5. A composition comprising the bacteria described in any one of claims 1 to 4.

6. The composition according to claim 5, wherein the composition further comprises a starter culture.

7. The composition according to claim 5 or 6, wherein the composition further comprises a freeze-protecting agent, a freeze-drying protective agent, an antioxidant and / or nutrients.

8. The composition according to claim 5 or 6, wherein the composition is frozen or freeze-dried.

9. A method for producing a fermented dairy product, comprising adding a bacterium according to any one of claims 1 to 4 or a composition according to any one of claims 5 to 8 to milk or a dairy product, and fermenting the mixture at a temperature of 22°C to 43°C until a pH of 4.6 or less than 4.6 is achieved.

10. A fermented dairy product containing the bacteria described in any one of claims 1 to 4.

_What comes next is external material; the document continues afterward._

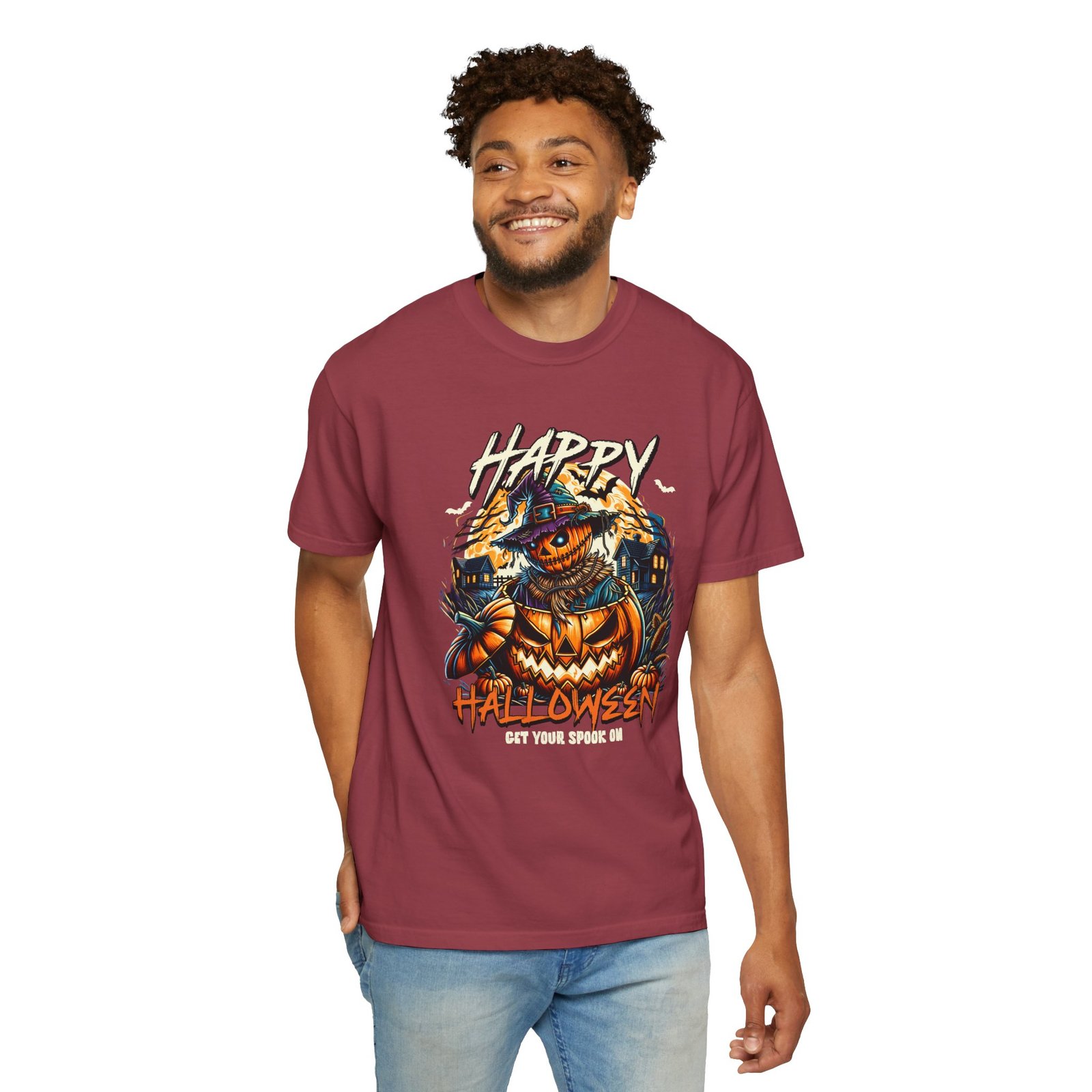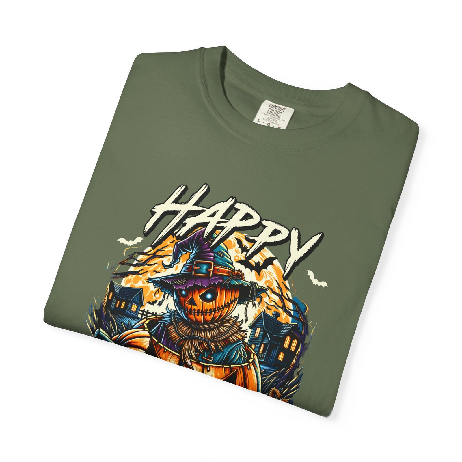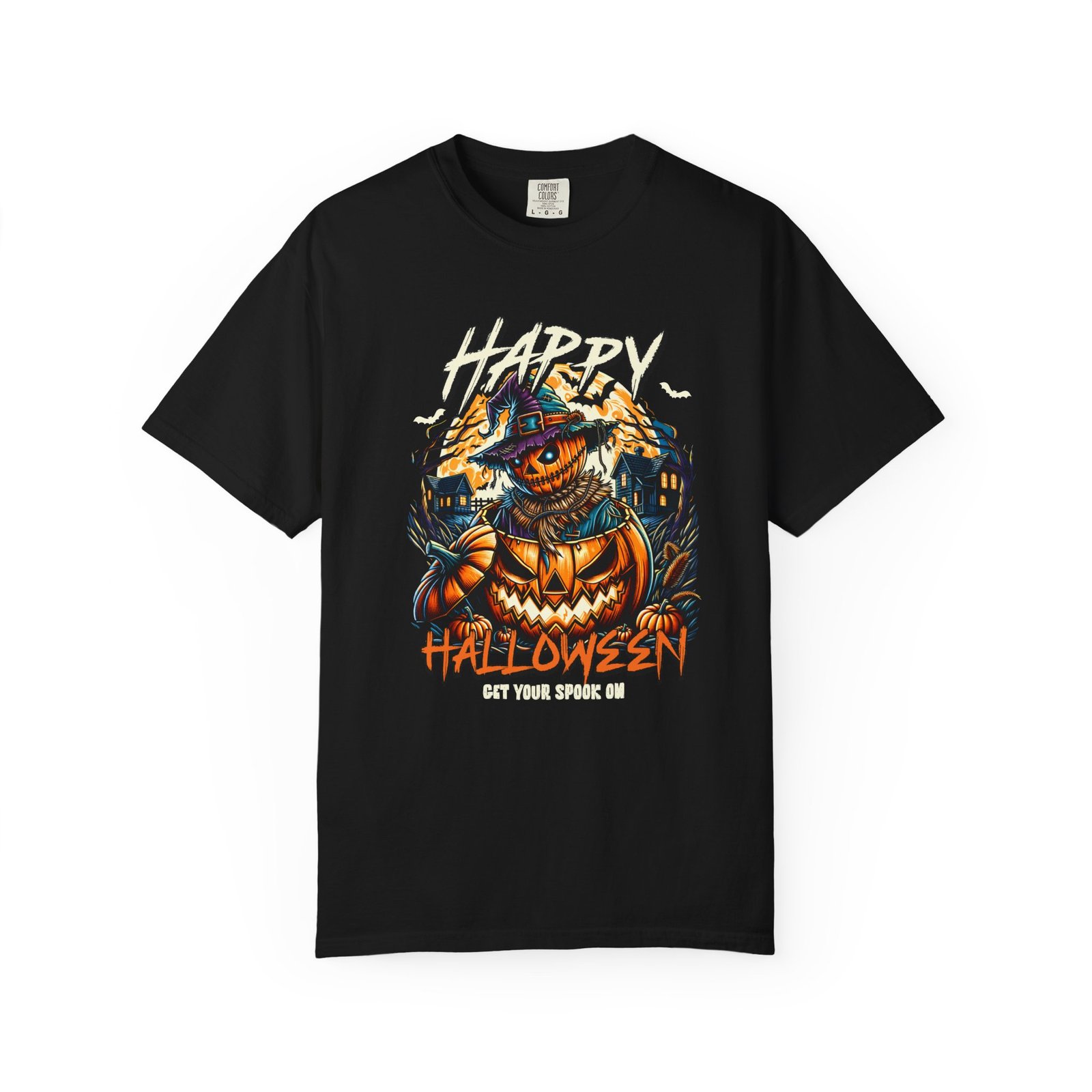 Get ready to spook with this Happy Halloween themed comfort colors unisex tee featuring a spooky pumpkin design. Perfect for Halloween enthusiasts looking for a fun and festive way to celebrate the holiday. This garment-dyed t-shirt is made with high-quality, 100% ring-spun US cotton for lasting comfort and is available in sizes S to 4XL for the perfect fit. With double-needle stitching, pre-shrunk fabric, and a relaxed fit, this tee is ideal for casual and semi-formal settings alike. Product features – Available in sizes S to 4XL – Double-needle stitching for durability – Garment-dyed fabric for a soft color and texture – Made with 100% US cotton – Relaxed fit and pre-shrunk fabric for consistent sizing Care instructions – Machine wash: cold (max 30C or 90F) – Do not bleach – Tumble dry: low heat – Iron, steam or dry: low heat – Do not dryclean
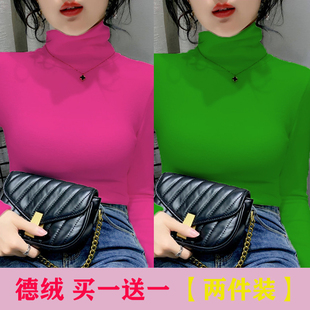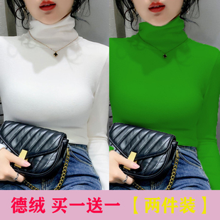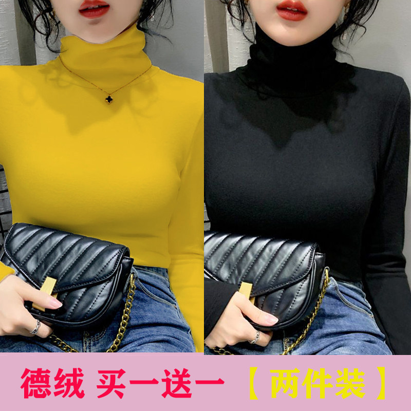 修身 秋冬季 显瘦t恤堆堆领护颈内搭保暖上衣 女长袖 德绒高领打底衫

11. The fermented dairy product according to claim 10, wherein the fermented dairy product is obtained by the method described in claim 9.

12. The fermented dairy product according to claim 10 or 11, wherein the fermented dairy product maintains a pH greater than 3.8 when stored at 25°C for at least 28 days.

13. The aforementioned bacteria, at least 10 7 A fermented dairy product according to any one of claims 10 to 12, present at a concentration of CFU / g.

14. A food, feed, or pharmaceutical product comprising the bacteria described in any one of claims 1 to 4 or the composition described in any one of claims 5 to 8.

15. A food, feed, or pharmaceutical product according to claim 14, obtainable by the method described in claim 9.